Our correspondent adds the following fact:









“Among the Spirits who come into our circle, we had Doctor X…, who takes hold of our medium, and who is like a child; you have to give him explanations aout everything; he advances, he understands, and he is full of enthusiasm; he goes to the scholars he had known; he wants to explain to them what he sees, what he knows now, but they do not understand it; so he gets angry and calls them ignorant. One day, in a meeting of ten people, he took hold of the child, as usual (the medium girl, by whom he speaks and acts); he asked me who I was and why I had so much knowledge without having learned anything; he took my head with his hands and said: "Here is matter, I recognize myself in it, but how am I here? How can I make this organization speak that is not mine, though? You talk to me about the soul, but where is the soul that inhabits this body?



After having pointed out to him the fluidic link that unites the Spirit to the body during life, he suddenly exclaimed, speaking of the young medium girl: “I know this child, I have seen her at home; her heart was sick; how is it that it is not anymore? Tell me who healed her?” I pointed out to him that he was wrong and that he had never seen her. “No,” he said, “I'm not mistaken, and the proof is that I stung her arm, and she didn't feel any pain."



When the young girl was awake, we asked her if she had known the doctor and if she had consulted with him. “I don't know,” she replied, “if it was him, but being in Paris, I was taken to see a famous doctor whose name and address I do not remember.”



His ideas change quickly; it is now a Spirit in the delirium of the happiness of what he knows; he would like to prove to everyone that our teaching is incontestable. What worries him especially is the question of fluids. “I want,” he said, “to be healed like your friend; I don’t want to use poisons; I never took them.” Today he studies man, no longer in his organism, but in his soul; he made us tell him how the union of soul and body worked at conception, and he seemed very happy.
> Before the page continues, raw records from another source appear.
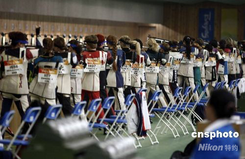 8月9日,北京奧運會開賽的第一天,女子10米氣步槍資格賽率先在北京射擊館拉開戰(zhàn)幕。30多個國家的47名選手在17到63號靶位比試槍法,資格賽前8名進入最后決賽。按照賽程,女子氣步槍賽場極可能產(chǎn)生本屆奧運會的首枚金牌。圖為來自各國的女神槍手參加預賽。中新社發(fā) 盛佳鵬 攝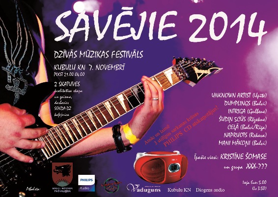 7. novembrī Bolvu nūvoda Kubulu kulturys nomā tiks organizāts ūtrais dzeivuos muzykys grupu festivals “Savējie 2014” .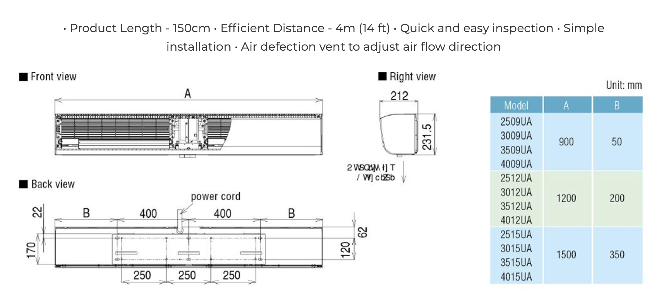 KDK 4009UA / 4012UA / 4015UA Air Curtain – Effective Distance : 4m (14 Feet)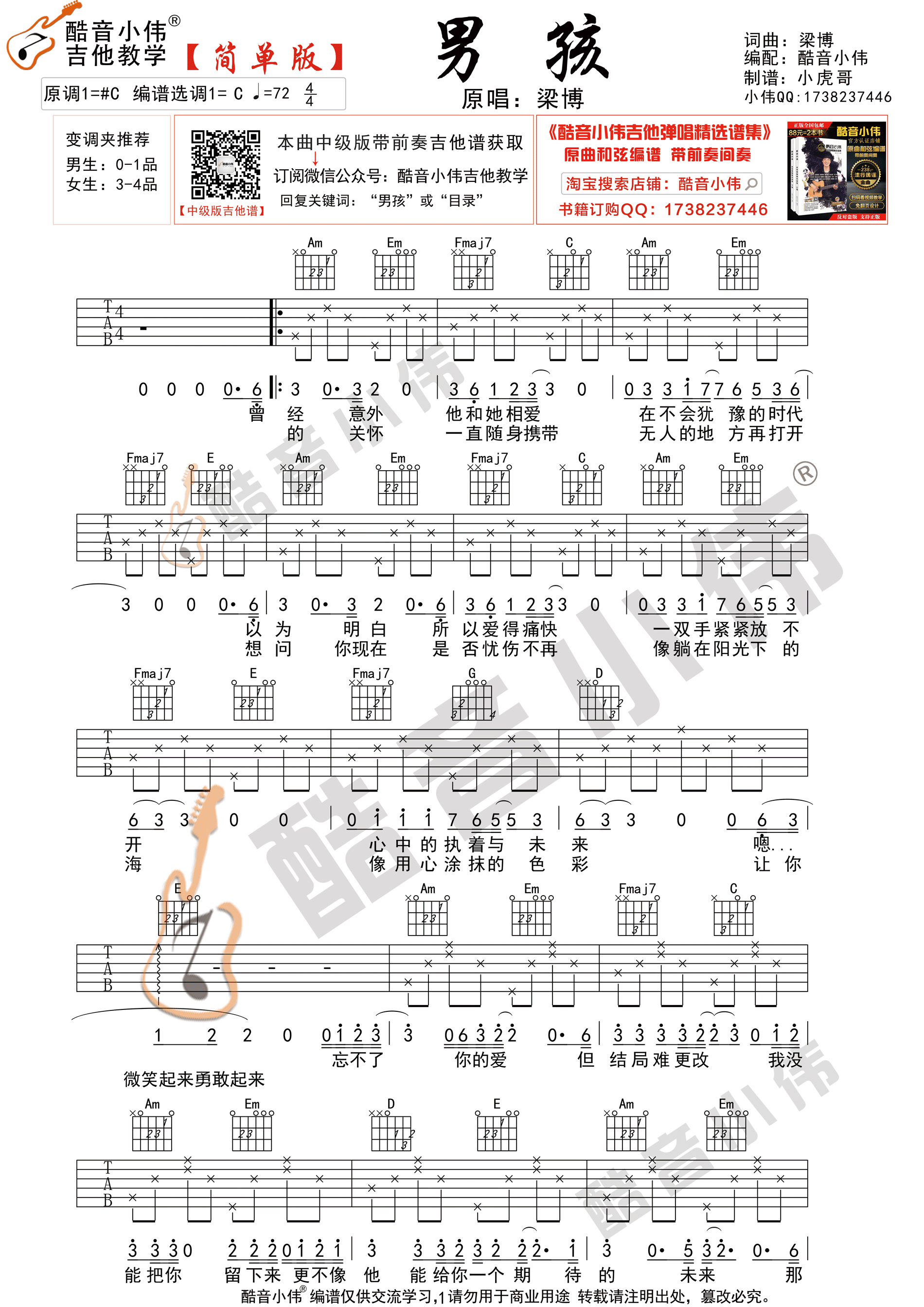 > 男孩 简单版 酷音小伟吉他弹唱教学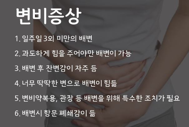 변비는 몸 속의 수분이 적을 때 생기는 현상입니다.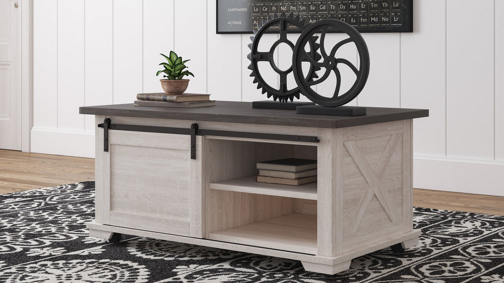 Raise the bar on modern farmhouse design with this versatile occasional table set. Sporting a two-tone, gray and antiqued white color scheme and cross buck design, this table's handy spring-loaded mechanism of the cocktail table brings the tabletop closer to you. This versatile table makes it easier than ever to eat, work or play from the comfort of your sofa.

The good doctor Demeure came next, and told us not to be surprised at the questions, sometimes childish, that he could ask us: "he is,” he said, “like a child who must be taught to read in the great book of nature; but since he is, at the same time, a great intelligence, he learns quickly, and we contribute to it on our side."
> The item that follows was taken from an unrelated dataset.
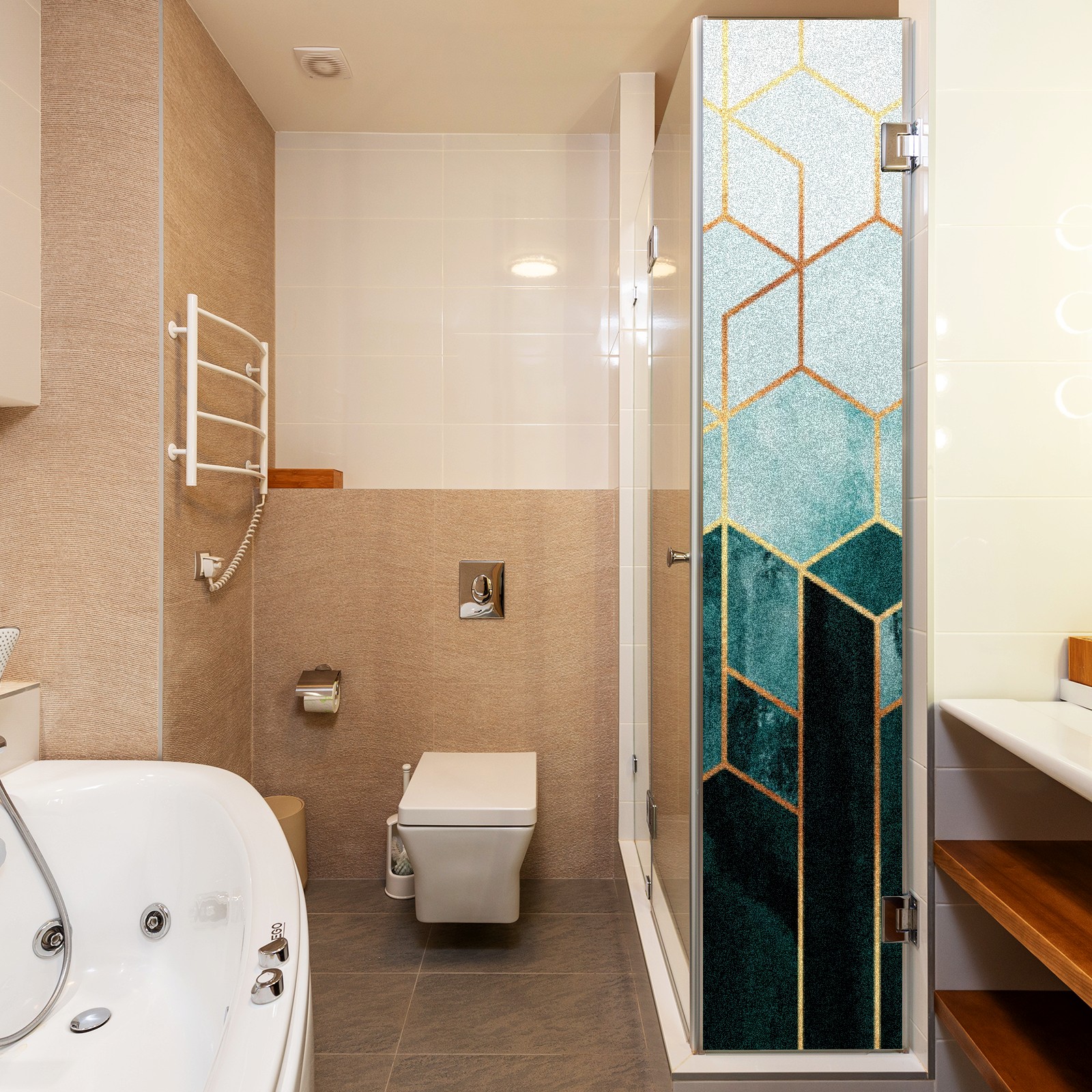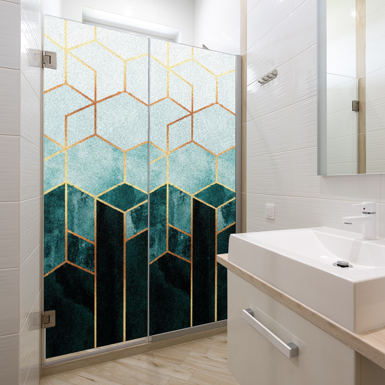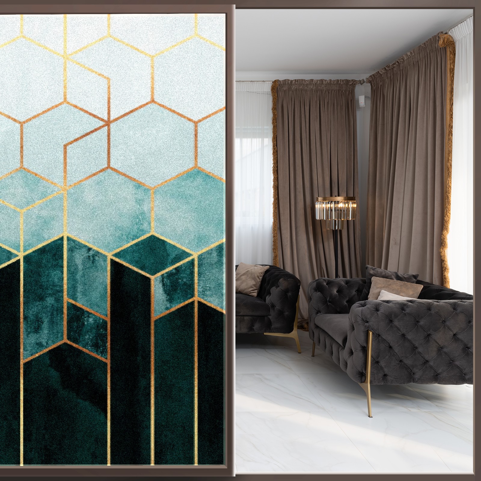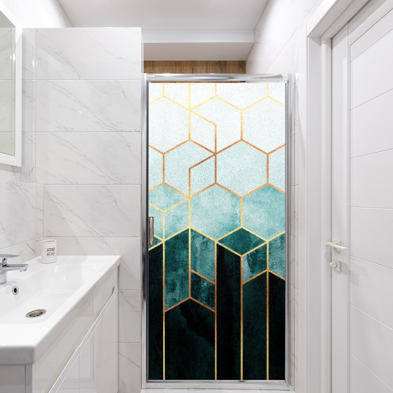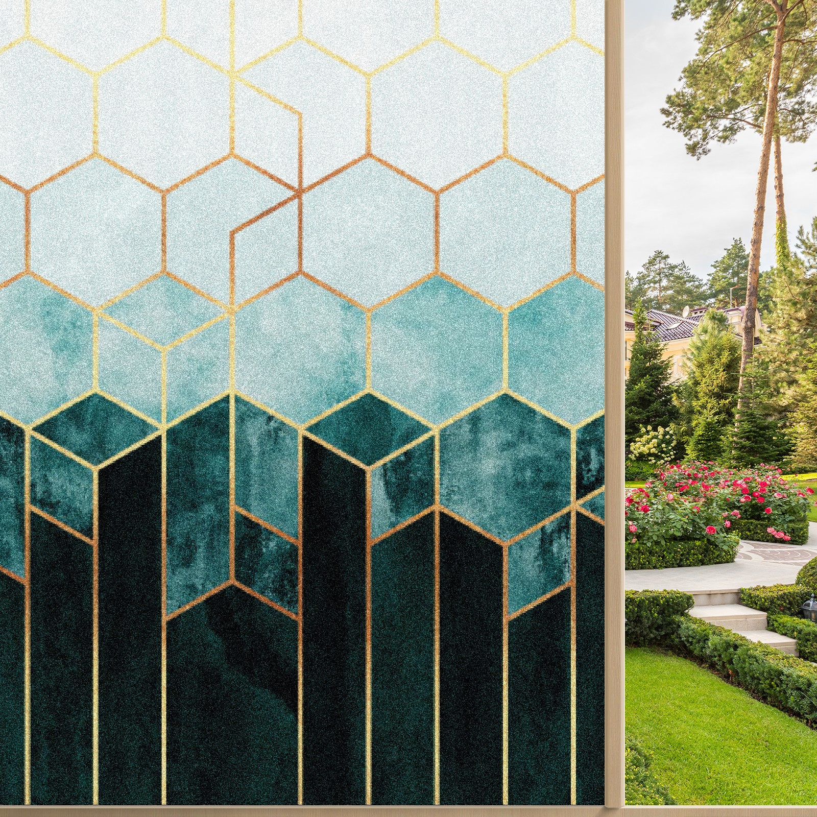 Window Privacy Film Frosted Stained Glass Film Decorative Static Cling for Bathroom Home Office Peel and Stick Window Film Marble Green Geometry(17.7x23.6in)

These two examples confirm these three great principles revealed by Spiritism, namely:



1st - That the soul keeps, in the world of the Spirits, for a somewhat long time, the ideas and prejudices that it had during its earthly life.



2nd - That it changes, progresses, and acquires new knowledge in the world of the Spirits.



3rd - That the incarnate can contribute to the progress of the discarnate Spirits.



These principles are the result of innumerable observation and of capital importance, in that they overturn all ideas implanted by religious beliefs on the stationary and final state of the Spirits after death. Once progress in the spiritual state is demonstrated, all beliefs based on the perpetuity of any uniform situation, fall before the authority of the facts. They also fall before the philosophical reason that says that progress is a law of nature, and that the stationary state of Spirits would be both the denial of this law and that of the justice of God.



Progressing the Spirit outside incarnation, another not less capital consequence follows, that by returning to earth, it brings the double gains of previous existences and that of erraticity. That is how the progress of generations is accomplished.



It is indisputable that when the doctor and the priest mentioned above are reborn, they will bring ideas and opinions quite different from those that they had in the existence that they had just left; one will no longer be fanatic, the other will no longer be materialistic, and both will be Spiritists. The same can be said of Dr. Morel Lavallé, the Bishop of Barcelona and so many others. There is, herefore, utility for the future of society, in dealing with the education of Spirits.